Um jovem vestido como um integrante da Companhia de Jesus do século XVI, aproxima-se, não acredito os veteranos estavam ficando mais criativos e ousados cada ano que passava, realmente não podia negar, aquele calouro estava muito bem caracterizado, se eu não fizesse parte do trote com certeza estaria gargalhando daquela hilária situação. Ele pára e fica aguardando que acabe minha arrumação de minhas fichas, fecho minha pasta, fixo-o: — Sinto desapontar nossos amigos veteranos, mas não farei parte da diversão, estou muito cansado e tenho ainda muito trabalho para realizar, contudo parabenizo-os pelo excelente trabalho de produção que executaram.
— Doutor Augusto Pombal, é um enorme prazer conhecê-lo meu nome é Hafiz Miguel Passos, perdoe-me meu sotaque é que sou iraniano e o senhor como conhecedor profundo dos troncos lingüísticos sabe que nossa produção vocal é bem diversa da realizada pelos portugueses, apesar das inúmeras relações que nossas nações já teceram no passado.
Fascinante, os veteranos tinham ido além da minha imaginação, excelente, fico embasbacado quando um trabalho é bem elaborado e sem sombra de dúvida, estava diante de um maravilhoso enredo, algo que não encontraria nem nos mais intrincados mistérios que a sétima arte já tinha criado.
— Filho estou surpreendido seus amigos são surpreendentes, não me admira que encontram tempo e forças para realizar tão grande e perfeita empreitada e quantas reclamações para entregarem-me pífios trabalhos, mas é e sempre será assim, para a diversão e lamentação todas as forças são empenhadas, enquanto para a boa realização do trabalho não consegue-se o mesmo esforço.

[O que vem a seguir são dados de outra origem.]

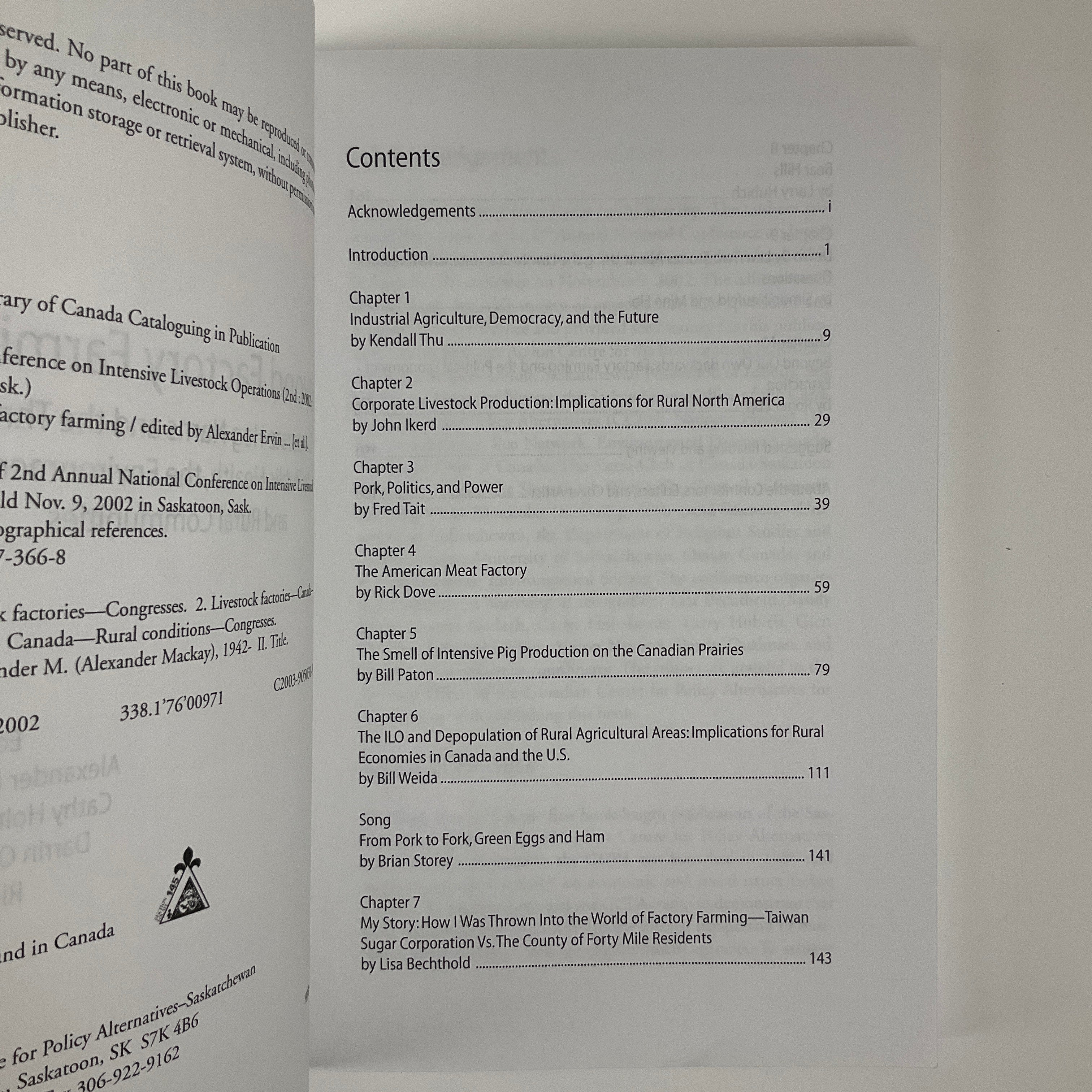 The Canadian Centre for Policy Alternatives was founded in 1980 as a venue for envisioning and presenting nonpartisan solutions to economic and social issues in the country. CCPA’s Saskatchewan branch was formed in 2001, and this volume constitutes its first book-length publication. The book contains ten papers presented by academics, environmentalists, and farmers from Canada and the United States at a 2002 National Conference on Intensive Livestock Operations held in Saskatoon. The presenters critique corporate hog barns from multiple angles (including odor complaints, worker safety, and threatening small-scale farming operations) as well as the government legislation that supports corporate interests. They also offer suggestions for protecting local farms and communities (through activism or education, for example) or improving conditions in corporate settings (through unionization, for example). Includes references, charts, and graphs.

— Desculpe-me doutor creio que há um engano não estou aqui para rir do senhor, mas para propor-lhe uma experiência, sinta e veja pelo senhor mesmo. – ele segura na mão um tubo daqueles utilizados para guarda mapas, abre-o e retira de dentro um antigo pergaminho e me entrega, percebo que não podia ser um simples trote tudo aquilo, o pergaminho não parece ser falso, o pego e tento ler, mas é necessário um equipamento adequado para manipulá-lo, sugiro então:
— Meu caro Hafiz, é este seu nome não é mesmo. – ele concorda com um gesto. — Vamos até meu escritório e o senhor explica-me melhor o teor dessa sua proposta. – ele novamente concorda e partimos em direção ao meu escritório.